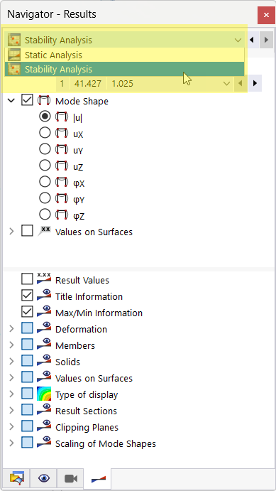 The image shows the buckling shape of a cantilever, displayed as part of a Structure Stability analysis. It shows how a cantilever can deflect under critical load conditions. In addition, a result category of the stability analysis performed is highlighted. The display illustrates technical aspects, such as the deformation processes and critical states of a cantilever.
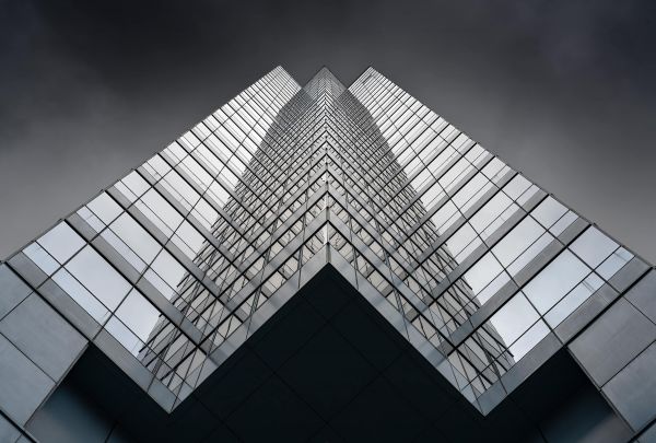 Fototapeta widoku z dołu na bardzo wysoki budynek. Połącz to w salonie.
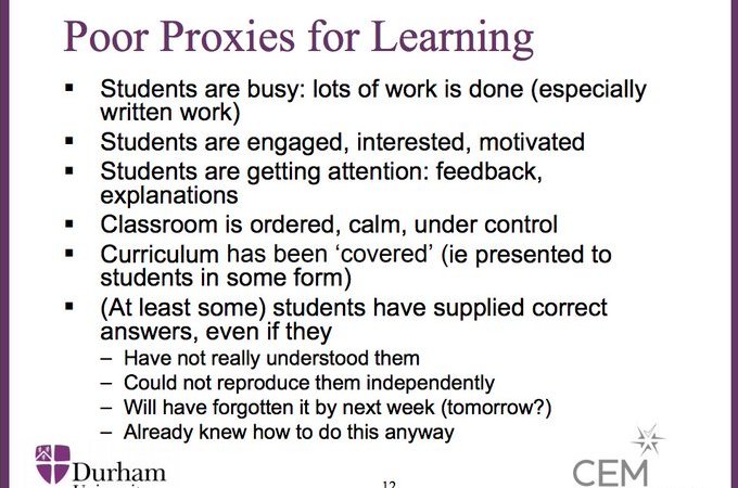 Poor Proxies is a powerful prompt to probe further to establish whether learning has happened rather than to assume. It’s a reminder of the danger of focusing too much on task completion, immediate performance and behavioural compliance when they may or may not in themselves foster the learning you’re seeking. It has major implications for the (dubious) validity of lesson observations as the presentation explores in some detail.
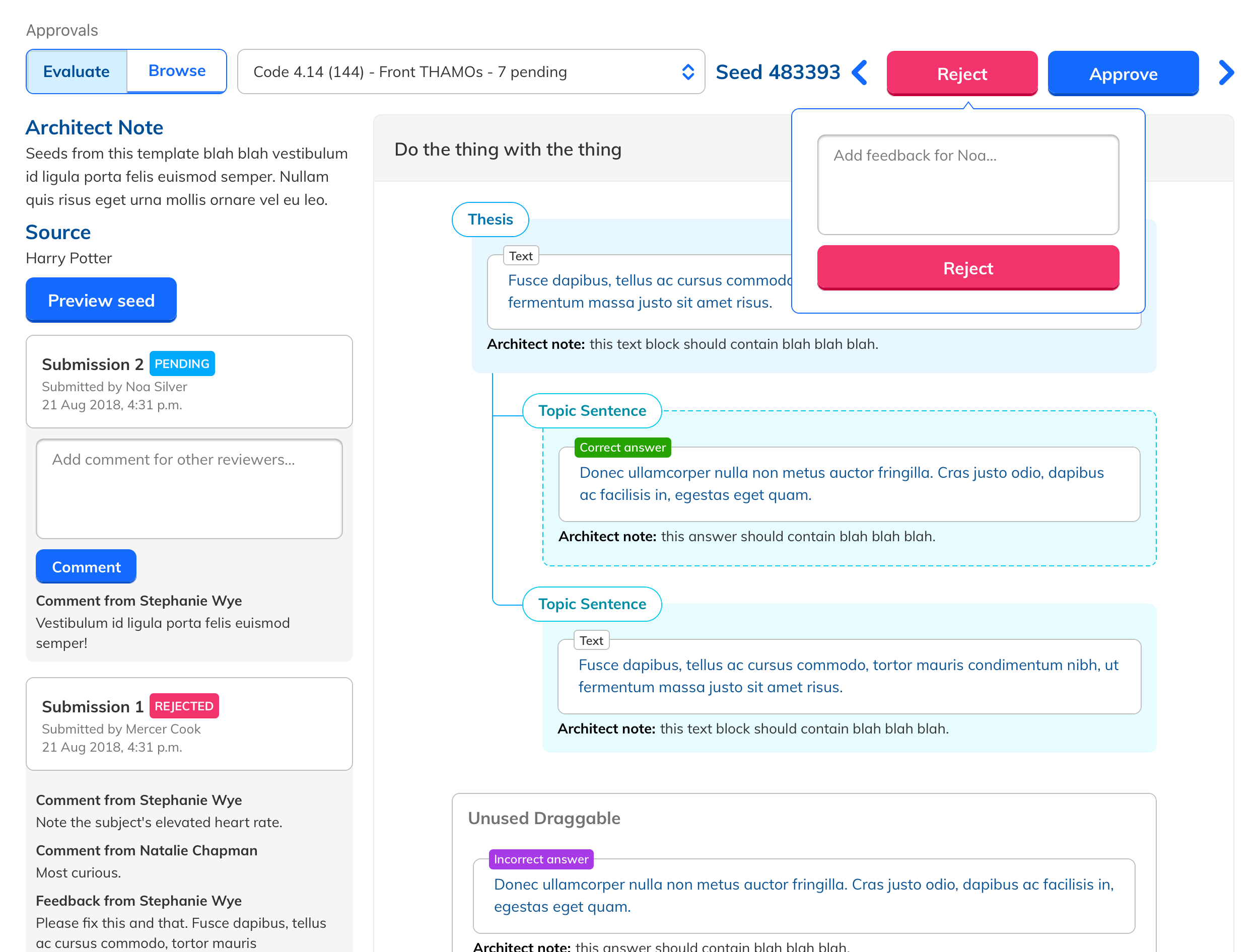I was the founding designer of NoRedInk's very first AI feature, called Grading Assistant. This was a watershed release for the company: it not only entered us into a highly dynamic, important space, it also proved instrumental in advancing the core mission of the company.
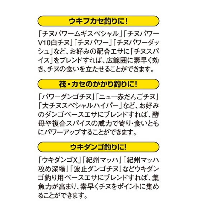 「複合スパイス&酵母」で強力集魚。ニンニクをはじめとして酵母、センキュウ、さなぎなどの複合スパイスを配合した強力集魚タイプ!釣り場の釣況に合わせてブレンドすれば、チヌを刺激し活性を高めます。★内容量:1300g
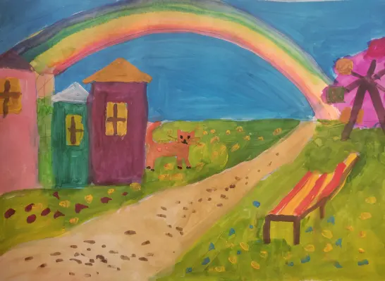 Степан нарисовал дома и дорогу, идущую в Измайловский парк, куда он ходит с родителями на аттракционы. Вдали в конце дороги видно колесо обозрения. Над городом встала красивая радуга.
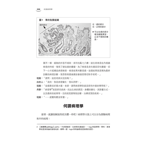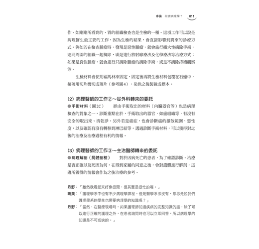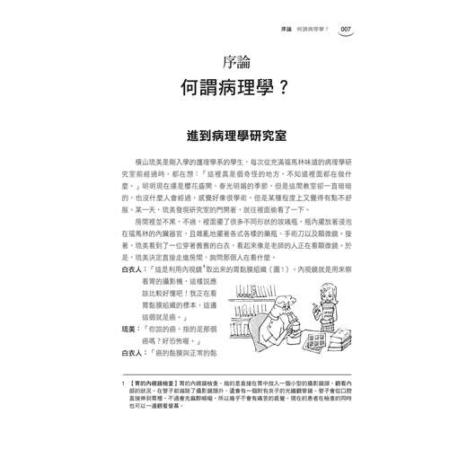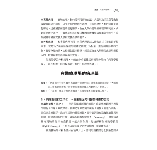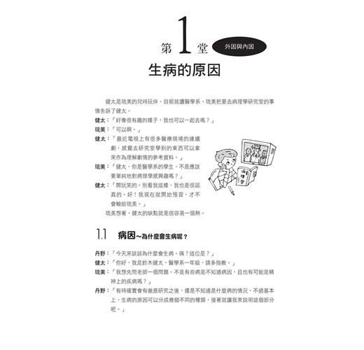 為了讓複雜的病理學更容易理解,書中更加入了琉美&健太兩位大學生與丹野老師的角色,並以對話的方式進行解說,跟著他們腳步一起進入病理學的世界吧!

_INSTRUCTIONS TO FOLLOW_
When repeating the entries, leave out every picture and keep the rest exact.

_SOLUTION TO THIS TASK_
 The image shows the buckling shape of a cantilever, displayed as part of a Structure Stability analysis. It shows how a cantilever can deflect under critical load conditions. In addition, a result category of the stability analysis performed is highlighted. The display illustrates technical aspects, such as the deformation processes and critical states of a cantilever.
 Fototapeta widoku z dołu na bardzo wysoki budynek. Połącz to w salonie.
 Poor Proxies is a powerful prompt to probe further to establish whether learning has happened rather than to assume. It’s a reminder of the danger of focusing too much on task completion, immediate performance and behavioural compliance when they may or may not in themselves foster the learning you’re seeking. It has major implications for the (dubious) validity of lesson observations as the presentation explores in some detail.
I was the founding designer of NoRedInk's very first AI feature, called Grading Assistant. This was a watershed release for the company: it not only entered us into a highly dynamic, important space, it also proved instrumental in advancing the core mission of the company.
 「複合スパイス&酵母」で強力集魚。ニンニクをはじめとして酵母、センキュウ、さなぎなどの複合スパイスを配合した強力集魚タイプ!釣り場の釣況に合わせてブレンドすれば、チヌを刺激し活性を高めます。★内容量:1300g
 Степан нарисовал дома и дорогу, идущую в Измайловский парк, куда он ходит с родителями на аттракционы. Вдали в конце дороги видно колесо обозрения. Над городом встала красивая радуга.
 為了讓複雜的病理學更容易理解,書中更加入了琉美&健太兩位大學生與丹野老師的角色,並以對話的方式進行解說,跟著他們腳步一起進入病理學的世界吧!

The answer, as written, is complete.